[CentOS] C 7: smpboot: CPU 16 is now offline, and slabs...

Wed Jun 13 17:36:29 UTC 2018
m.roth at 5-cent.us <m.roth at 5-cent.us>

m.roth at 5-cent.us wrote:
> m.roth at 5-cent.us wrote:
>> m.roth at 5-cent.us wrote:
>>> Current kernel, and I just booted, and dmesg shows, of the 32 cores, 0,
>>> 2, 4 and 6 ok, and *all* other show "is now offline.
>>>
>>> What's happening here?
> <snip>
> Ok, more info. I found how to online a CPU -
> echo 1 > /sys/devices/system/cpu/cpu23/online
>
> Perhaps I should have started with 1,3, etc, but I was doing the 20's,
> instead. Got to CPU27... and the system rebooted.
>
> Now I'm wondering if the offline'd CPUs have something to do with the fact
> that this (and an identical one, in the datacenter, are rebooting around
> 04:00 every day. Btw, they're Dell PE R530's from 2016....
>
Still more info (come on, folks, help me out!): these two machines that
keep rebooting, and only one other that doesn't, have Intel E5-2630's in
them.

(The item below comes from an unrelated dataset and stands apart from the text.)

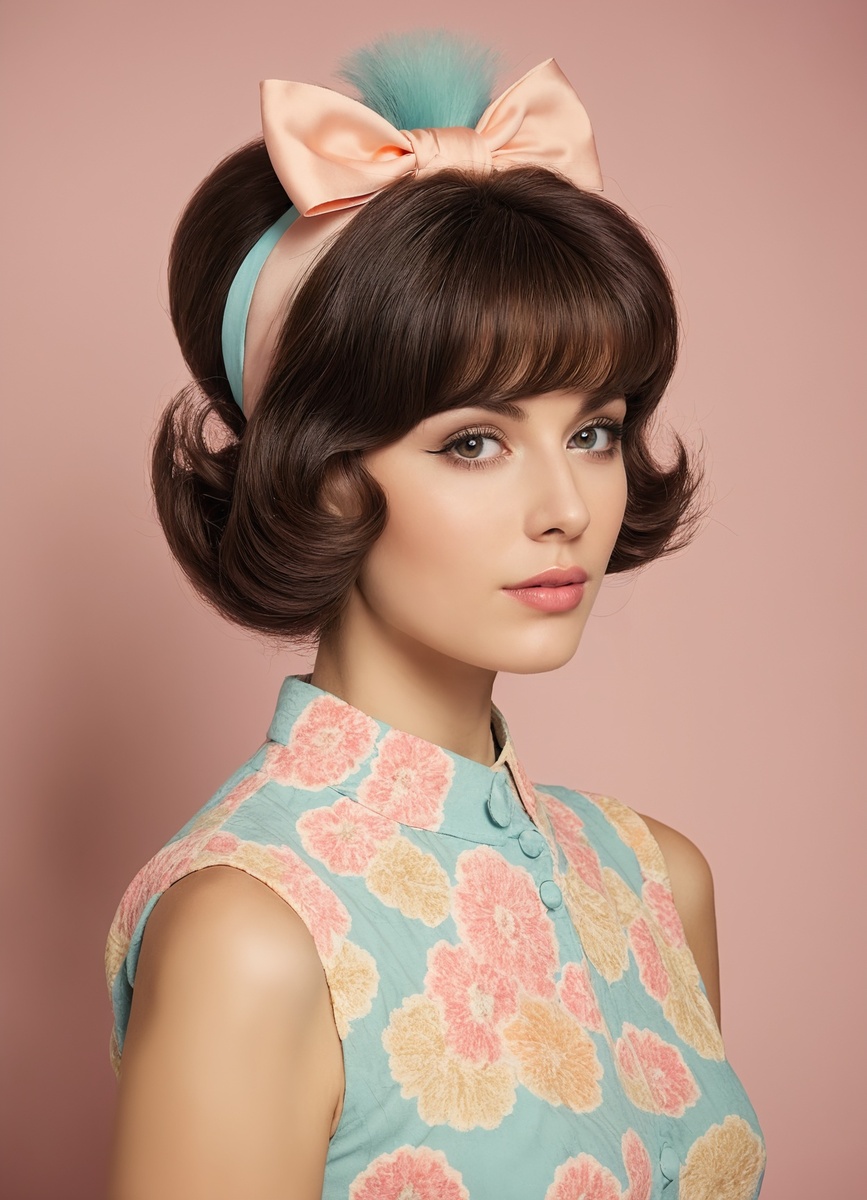 Аксессуары играют ключевую роль в создании образа в стиле 60-х, добавляя яркие акценты и подчеркивая уникальность прически с начесом. Ободки с крупными цветами или в ретро-стиле станут идеальным выбором для завершения укладки. Заколки с жемчугом или блестками помогут добавить нотку роскоши, а яркие цветочные гребни внесут элемент игривости и свежести. Важно размещать их так, чтобы они гармонировали с общим стилем, не перегружая образ.

These two are v3, while the one other is a v.2. The latter's
microcode is
microcode: CPU0 sig=0x306e4, pf=0x1, revision=0x428
while on the two that reboot, they have
microcode: CPU0 sig=0x306f2, pf=0x1, revision=0x3a

Anyone think I might be going down the wrong path? Any thoughts at all? If
not, any cmts on my downgrading to the previous microcode? This happened
once a week ago, and then, starting last Friday, began happening at least
around 04:00 every day.

    mark